-- Given data --
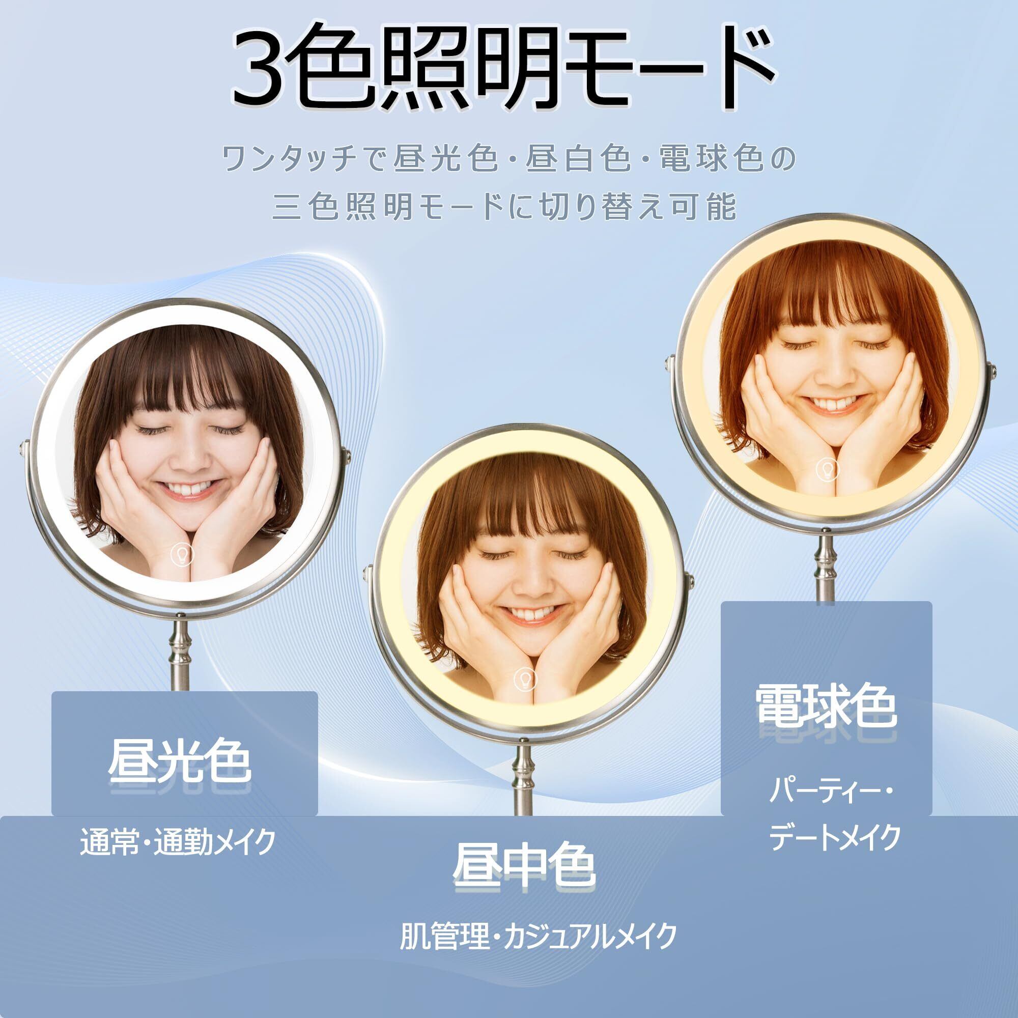 【在庫処分】AMZTOLIFE 化粧鏡 LEDライト付き 女優ミラー 10倍拡大鏡 3色調節 無段階調光 USB充電式 コードレス 360度回転 タッチ式 自然光再現 高色彩還元 鏡 卓上 スタンドミラー (シルバー) | Premium Stage
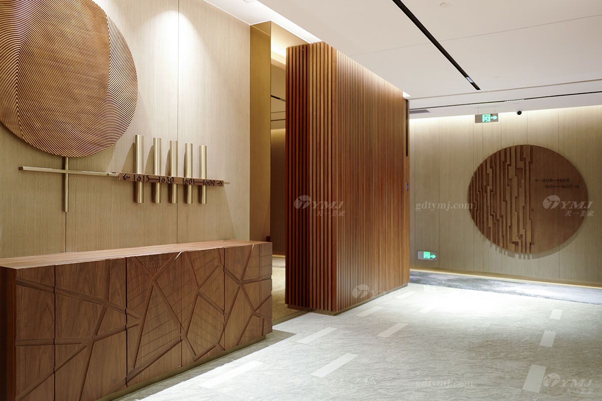 酒店入口處一張簡約時尚的實木功能服務臺,綠色吧椅,原木實木長條凳,簡潔實用,為到訪的賓客提供全方位的指引服務,原木實木裝飾柜,表面做不規(guī)則實木條裝飾設計,墻面鑲掛一塊實木條紋大圓盤,整體呈現(xiàn)出東方文化韻味的“方圓”格局,旁邊搭配的一抹綠植,營造出原汁原味的自然視覺感。
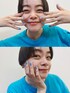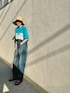 たまたまメイクさんに塗ってもらっていた ネイルの水色がTシャツとピッタリ🩵 デニムは臨月まで履いてたもので、 ギュッと絞った時のサイズ感が好きなので 産後の今もずっと履いてます👖
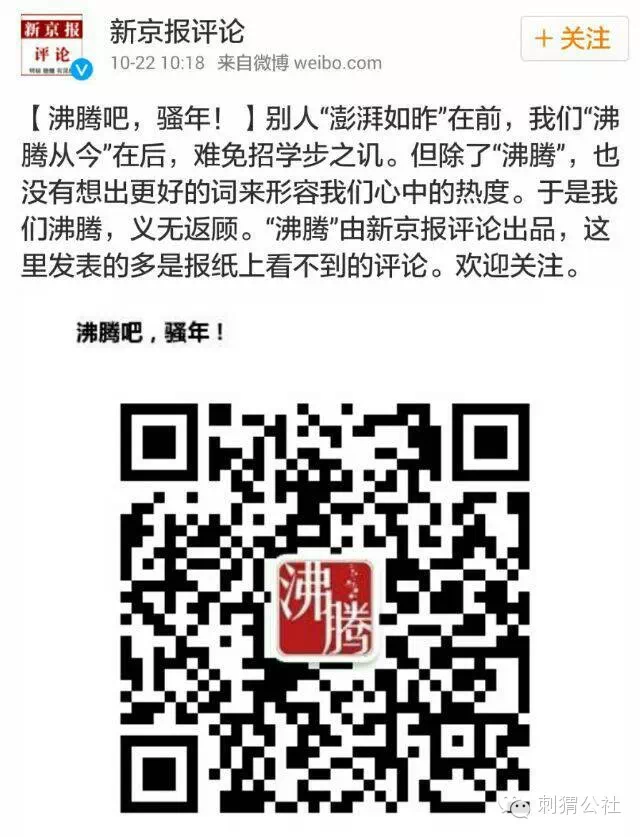 C:评论部已经有一个官微公众号“新京报评论”,为什么还要专门成立“沸腾”呢?刺猬君发现“新京报评论”有一个栏目就叫做“沸腾”,两个公众号是什么样的关系呢?

-- Exercise brief --
Once you have returned the line containing "酒店入口處一張簡約時尚的實木", stop; begin at the first line of the material, keep each line exact, and skip the pictures.

-- Exercise output --
 【在庫処分】AMZTOLIFE 化粧鏡 LEDライト付き 女優ミラー 10倍拡大鏡 3色調節 無段階調光 USB充電式 コードレス 360度回転 タッチ式 自然光再現 高色彩還元 鏡 卓上 スタンドミラー (シルバー) | Premium Stage
 酒店入口處一張簡約時尚的實木功能服務臺,綠色吧椅,原木實木長條凳,簡潔實用,為到訪的賓客提供全方位的指引服務,原木實木裝飾柜,表面做不規(guī)則實木條裝飾設計,墻面鑲掛一塊實木條紋大圓盤,整體呈現(xiàn)出東方文化韻味的“方圓”格局,旁邊搭配的一抹綠植,營造出原汁原味的自然視覺感。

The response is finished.